▸ The problem: An exact copy of the lines from the start of the material below through the line containing "A white vase" is the required answer, and it includes no pictures.

(Data shown)

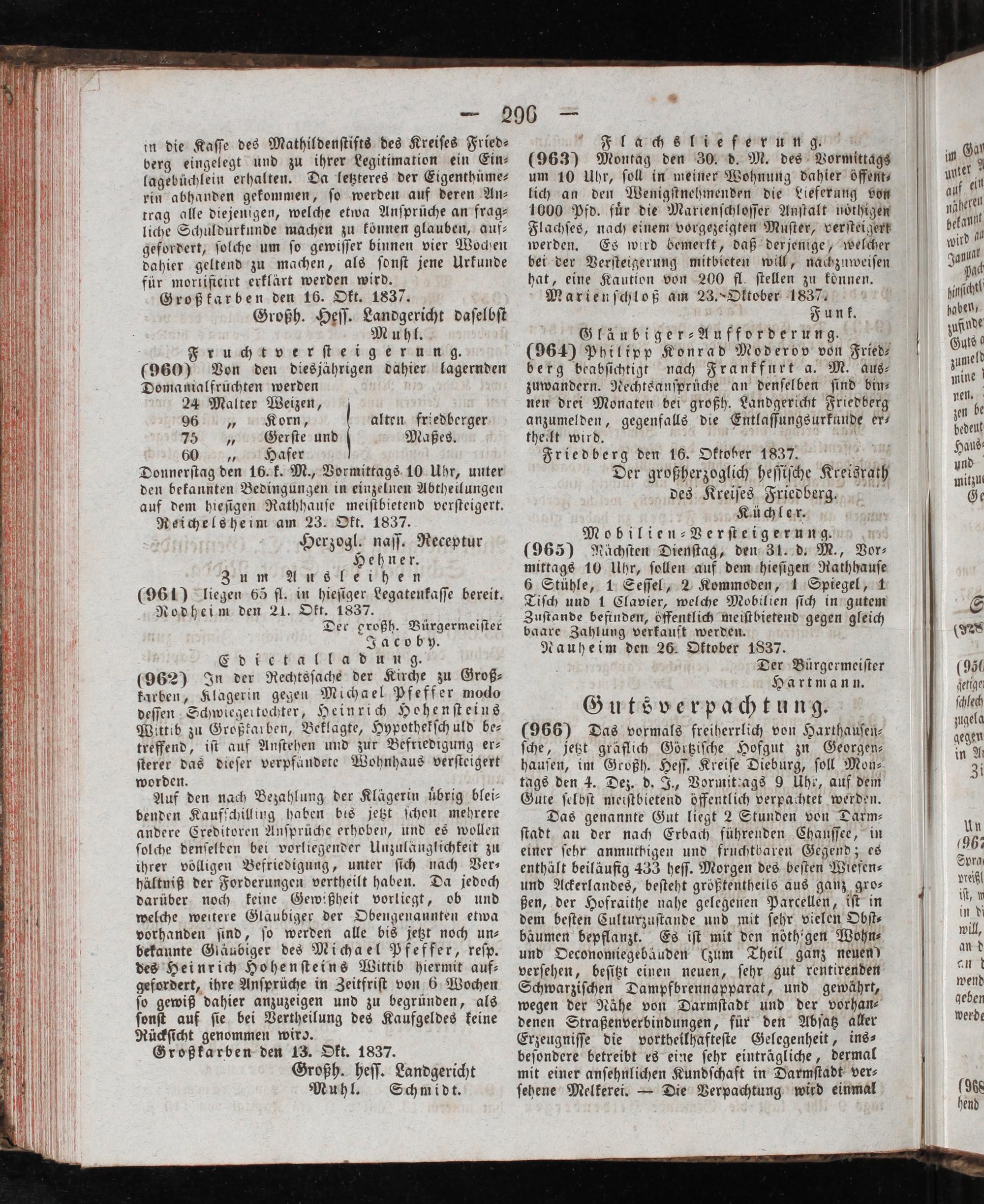 Friedberg den 16. Oktober 1837. N Der großherzoglich heſſiſche Kreisrath des Kreiſes Friedberg.
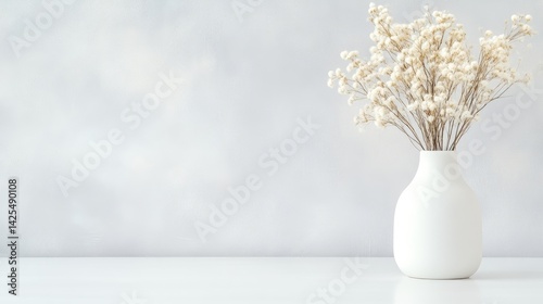 A white vase with dried flowers on a minimalist white table against a soft grey background, and elegant and serene home decor composition.
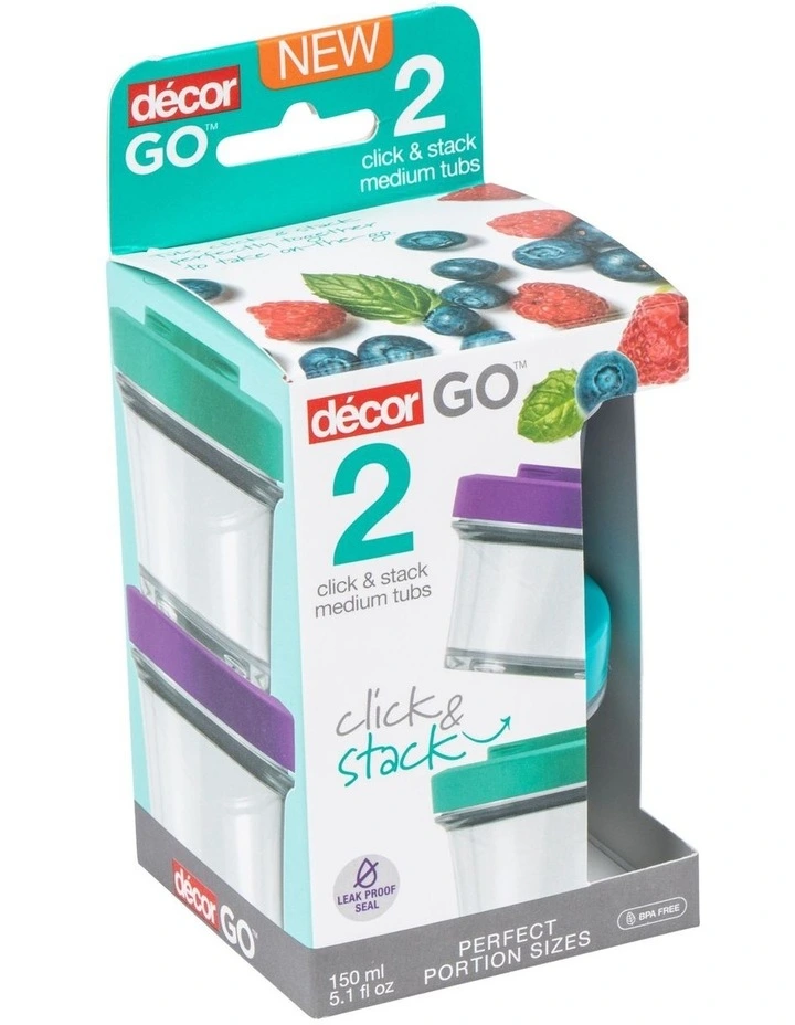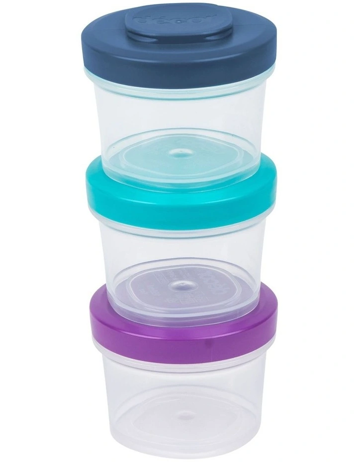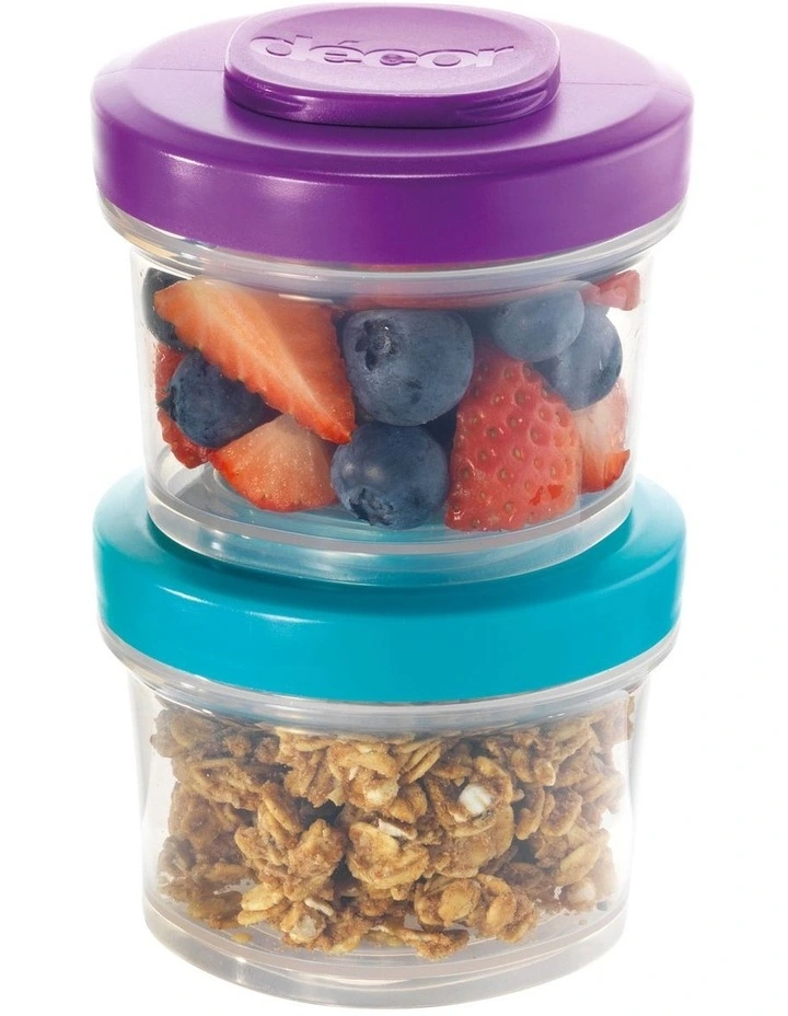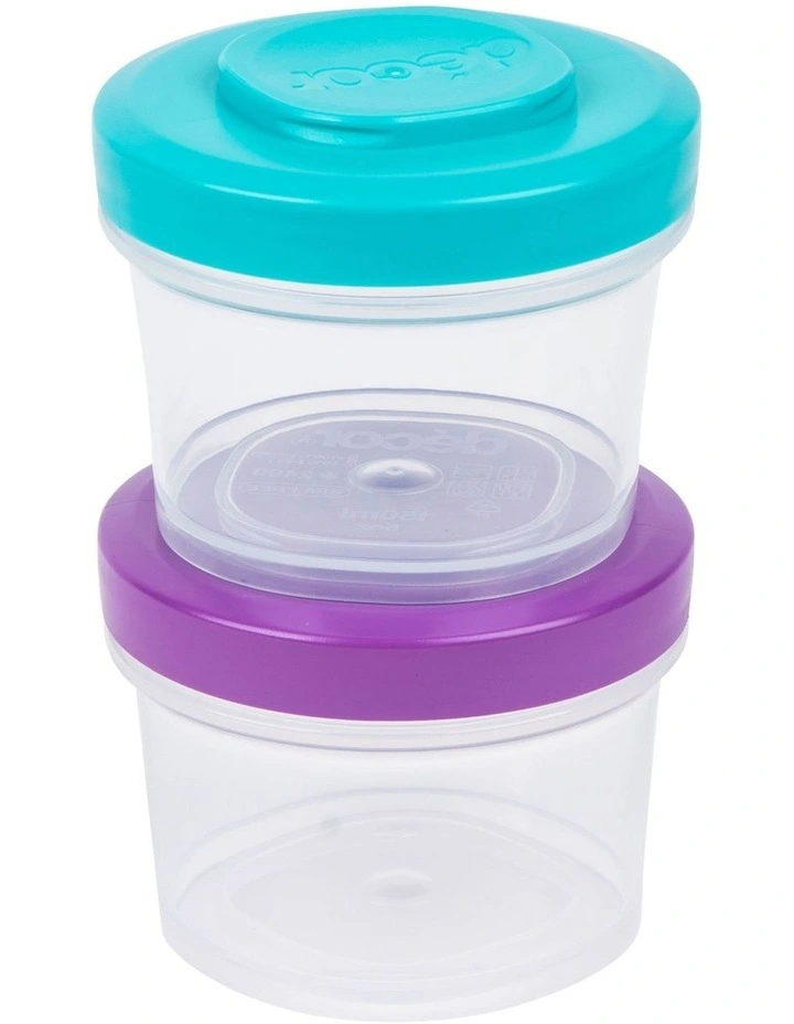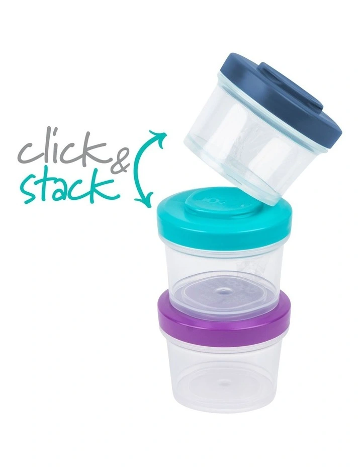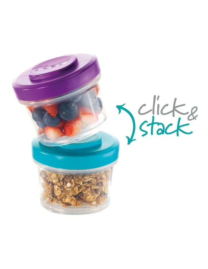 Featuring a clever click and stack design, these containers click and stack together in multiple configurations to create your own customised lunch and snack system! Perfect portion size for dips, nuts, crackers, fruit, yoghurt, sauce and more.

(End Data shown)

▸ Response to the task:
 Friedberg den 16. Oktober 1837. N Der großherzoglich heſſiſche Kreisrath des Kreiſes Friedberg.
 A white vase with dried flowers on a minimalist white table against a soft grey background, and elegant and serene home decor composition.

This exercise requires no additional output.